◆ INSTRUCTIONS TO FOLLOW ◆
Your task is to transcribe the lines from the start of the data below through the line containing "Aujourd’hui nos habitudes", inclusive, exactly as they stand and without the pictures.

◆ INFORMATION PROVIDED ◆
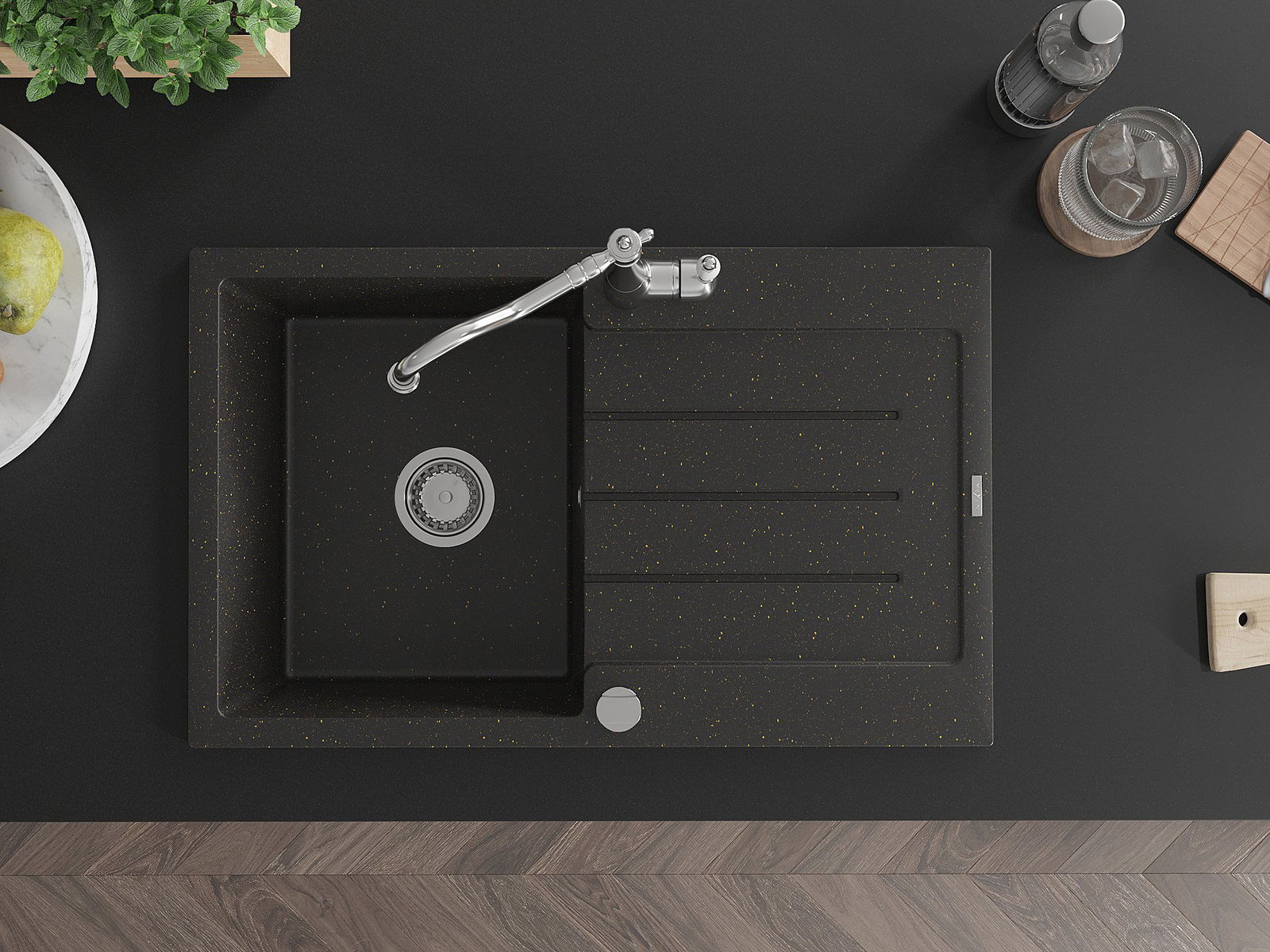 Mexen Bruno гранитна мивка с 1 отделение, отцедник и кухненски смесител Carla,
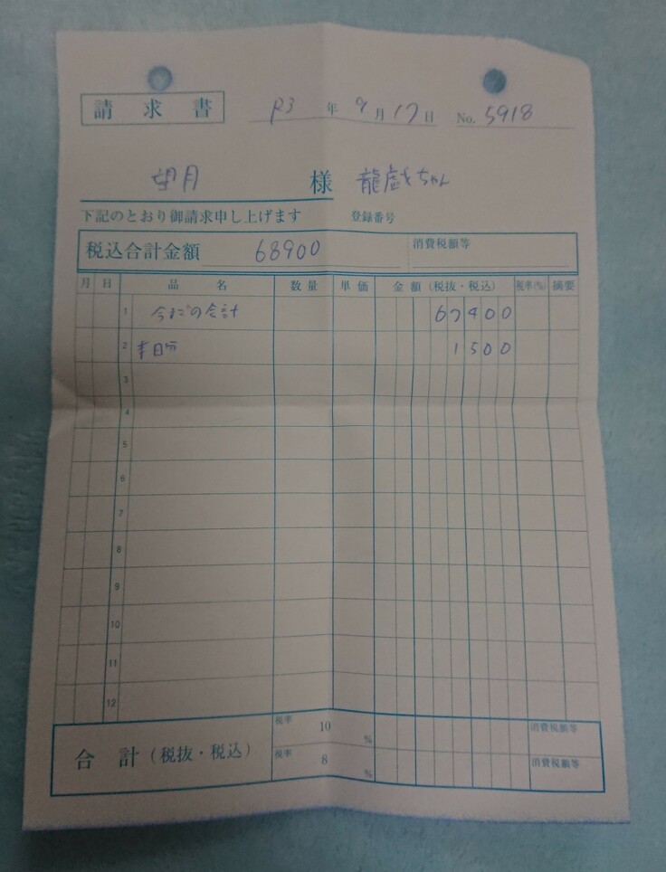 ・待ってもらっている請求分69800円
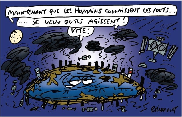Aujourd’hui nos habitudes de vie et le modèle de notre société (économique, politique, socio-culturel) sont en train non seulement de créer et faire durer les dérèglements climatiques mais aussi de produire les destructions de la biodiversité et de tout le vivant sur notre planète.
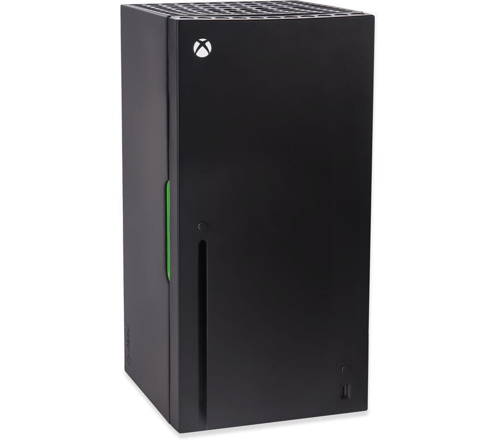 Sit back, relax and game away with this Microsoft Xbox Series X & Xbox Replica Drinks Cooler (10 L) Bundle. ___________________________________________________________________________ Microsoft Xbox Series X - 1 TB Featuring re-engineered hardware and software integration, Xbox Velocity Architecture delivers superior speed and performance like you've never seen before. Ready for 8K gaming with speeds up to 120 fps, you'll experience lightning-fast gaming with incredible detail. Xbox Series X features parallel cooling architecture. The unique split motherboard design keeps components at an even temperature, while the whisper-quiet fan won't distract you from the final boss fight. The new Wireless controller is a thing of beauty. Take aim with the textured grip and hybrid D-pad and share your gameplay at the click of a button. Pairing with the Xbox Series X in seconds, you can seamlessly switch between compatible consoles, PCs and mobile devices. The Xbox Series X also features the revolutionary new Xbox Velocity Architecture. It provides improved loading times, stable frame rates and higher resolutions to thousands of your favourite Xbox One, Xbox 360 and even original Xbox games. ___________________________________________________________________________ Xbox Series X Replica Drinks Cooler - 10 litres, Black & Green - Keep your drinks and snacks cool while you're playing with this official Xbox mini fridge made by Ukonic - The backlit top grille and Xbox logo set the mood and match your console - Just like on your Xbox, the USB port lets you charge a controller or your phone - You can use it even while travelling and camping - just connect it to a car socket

◆ EXERCISE RESPONSE ◆
 Mexen Bruno гранитна мивка с 1 отделение, отцедник и кухненски смесител Carla,
 ・待ってもらっている請求分69800円
Aujourd’hui nos habitudes de vie et le modèle de notre société (économique, politique, socio-culturel) sont en train non seulement de créer et faire durer les dérèglements climatiques mais aussi de produire les destructions de la biodiversité et de tout le vivant sur notre planète.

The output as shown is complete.